I'm asking because, in principle we could leave the methods in 
CopyMemory cover the aligned, logical indices only part of the API. And 
ask the user to fall back to MemorySegment::copyFrom if they really 
really want unaligned (which should be uncommon?).

Cheers
Maurizio

On 08/06/2021 00:55, leerho wrote:
> Maurizio,
> I have updated MemoryCopy and TestMemoryCopy by extending the variable 
> names to be even more clear, for example:
>
>   * srcArr -> srcArray
>   * srcSeg -> srcSegment
>   * srcCopyLen -> srcCopyLengthInts
>   * srcIndex -> srcIndexLongs
>   * Etc.
>
> I also added a comment in the class javadoc describing the difference 
> between variables with the word "index" and ones with the word 
> "offset", etc.
>
> I have looked at what it would take to add overloads that refer to the 
> segment offset in array element units.  It can be done, but the names 
> of these new methods will be kinda ugly or awkward:
>
>   * copyFromArrayAtIndex -- confusing since the array uses index units
>     already
>   * copyAtIndexFromArray -- not much better
>   * copyFromArrayWithIndex -- nah
>   * copyFromArrayToSegementUsingIndex -- a little more clear, but
>     really awkward
>
> If you have any better ideas, I am open.  (But IMHO, I don't think we 
> need this :) )
>
> Please let me know what the next step should be :)
>
> Thanks!
>
> Lee.
>
> On Fri, Jun 4, 2021 at 7:09 AM leerho <leerho at gmail.com 
> <mailto:leerho at gmail.com>> wrote:
>
>     Maurizio,
>     Thank you for your reply.  I agree with your observation in the
>     difference between the single item case and the bulk copy.  I
>     guess I became so familiar with how offsets are handled in Unsafe
>     where the single element and bulk copy cases the references to
>     memory are always in bytes, it seamed so simple and natural.
>
>     In my experience anyway, reading and writing data to off-heap
>     almost always involves a mix of preamble elements and bulk copy
>     arrays where it was necessary to track the offset in bytes, where
>     the multibyte elements may not be correctly aligned to the base of
>     the allocated segment, or God forbid, the arrays.
>
>     What is most important is getting this into the JDK, and if I have
>     to add more overloads, I will :)
>
>     Lee.
>
>     On Fri, Jun 4, 2021 at 2:34 AM Maurizio Cimadamore
>     <maurizio.cimadamore at oracle.com
>     <mailto:maurizio.cimadamore at oracle.com>> wrote:
>
>
>         On 04/06/2021 01:32, leerho wrote:
>>         When I first saw all the logical index overloads in
>>         MemoryAccess I shuddered.  It is a lot of API clutter as far
>>         as I’m concerned.
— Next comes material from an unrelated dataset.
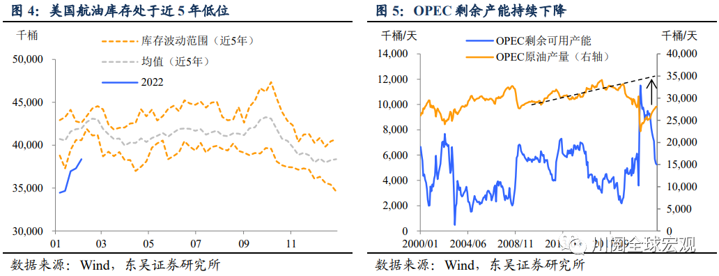 从库存和产能上看,全球应对这一需求上升的准备是不足。库存上,截至2022年2月全球原油库存依旧明显低于近5年(2017年至2021年)同期水平。而可能更值得注意的是原油供给产能的不足,疫情以来,OPEC的剩余产能还是美国页岩油的未完工油井(Drilled but Uncompleted Wells,DUCs)都出现明显下降,叠加此前低油价带来的低投资率,这将明显限制2022年原油供给的扩张。变数在于伊朗核协议的推进速度,如果伊朗原油产能重回全球市场,将阶段性缓解原油供需的不平衡。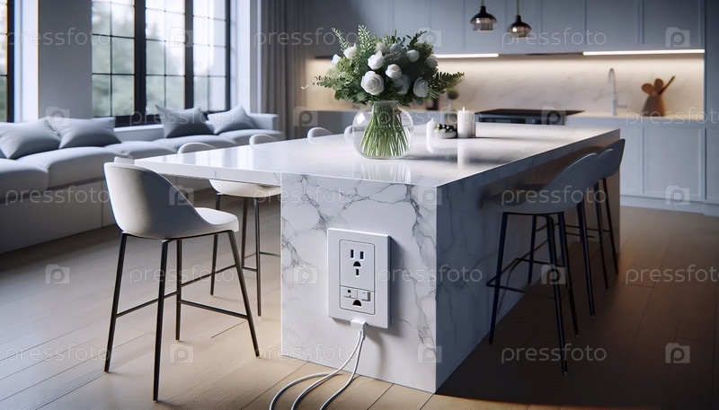 Кухня с скрытыми всплывающими розетками, Ai generated image

But just because we made that mistake with
>>         MemoryAccess doesn’t mean we have to continue propagating it.
>
>         I'm sorry, I just don't see that as being a "mistake". Code
>         like this:
>
>         ```
>         for (int i = 0 ; i < limit ; i++) {
>            long val = MemoryAccess.getLongAtIndex(segment, i);
>            ...
>         }
>         ```
>
>         Is _extremely_ common. While it's true that memory segment is
>         an unbiased array of bytes, there are times you want to access
>         it in a more structured form - and saying "you can't do that"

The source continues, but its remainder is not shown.